I’ve been paying close attention to the war in Israel and Gaza; watching a lot of footage. Came across some video of Palestinians — probably late teens/early 20s — throwing stones at vehicles in a chaotic protest on a road. This was, I believe, on Saturday, and it wasn’t clear to me whether the footage was real time or from recent protests.
Suddenly, one of the most active stone-throwers pulled up his right leg, his face knotted in a grimace of pain, and he began to hop away on his good leg. His comrades abandoned their pile of rocks and helped him down an incline and out of the frame.
I knew immediately what had happened: The stone-thrower had taken a .22lr round to the ankle or shin.
“Medics in the Gaza Strip have reported treating an influx of protesters who appear to have been deliberately targeted in the ankle by Israeli forces in recent unrest at the volatile boundary of the blockaded Palestinian enclave. At least one person has been killed and dozens more wounded since demonstrations by groups of young men, some of them throwing stones and molotov cocktails, began in mid-September.”
The Guardian being The Guardian, this was presented as a new cruelty inflicted by the Occupation on oppressed Palestinians.
Human rights groups say that such targeting procedures are unlawful as they allow the use of potentially lethal force with no immediate threat to soldiers’ lives.
They did get one paragraph of “balance” into the piece:
In a statement, the IDF said: “Over the past few weeks, the Hamas terror organisation has organised violent riots along the border fence, for purposes of harming Israeli security forces … It should be noted that the IDF resorts to live fire only after exhausting all available options, and only as necessary to handle imminent threat.”
For years, the IDF has been deploying integrally suppressed .22 caliber Ruger 10/22 carbines, originally as a “less lethal” option for riot control. They are also used as a “hush puppy” to take out dogs and lights in raid operations. Because Israel actually adheres to rules of engagement and laws of combat, the Israeli Judge Advocate General tested the effect of fire from the .22lr and reclassified it as a lethal weapon, which restricts its use.
But clearly, it was in the field in the weeks preceding the explosion of violence in Hamas’ Operation Al Aqsa Flood.
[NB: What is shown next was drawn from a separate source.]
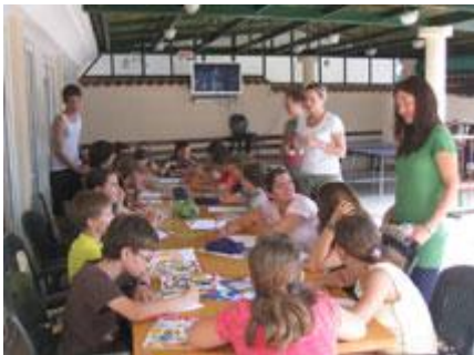
Uvijek najbrojniji – naravno NOVINARI!

The use of a .22 in a sniper role at limited range, especially in urban environments makes a lot of sense. It’s comparatively quiet even unsuppressed, making it difficult for an enemy to determine where fire is coming from. Suppressed, it’s pretty close to silent; only the sonic crack of the bullet is heard. If your target is higher than the ankles, a .22 can be plenty lethal. Ask any emergency room doc.
Chechens deployed .22 snipers against Russian troops in urban combat in the 1990s, using makeshift suppressors made from plastic bottles — a technique depicted in the movie Shooter, based off of Stephen Hunter’s classic thriller Point of Impact. They were taking head shots.
The Russians took heed, and developed a purpose-built .22 sniper rifle, the Kalashnikov SV99:
The .22 LR SV-99 sniper rifle was developed as a precision small-caliber weapon for special forces snipers to silently engage enemy personnel and other targets at ranges up to 100 meters, as well as for training purposes.
For their part, the IDF now has an updated and upgraded Ruger to work with (seen in the top photo):
Countless threads on gun forums have flogged the topic to death and beyond, but it bears keeping in mind that the .22 is more than just a plinker.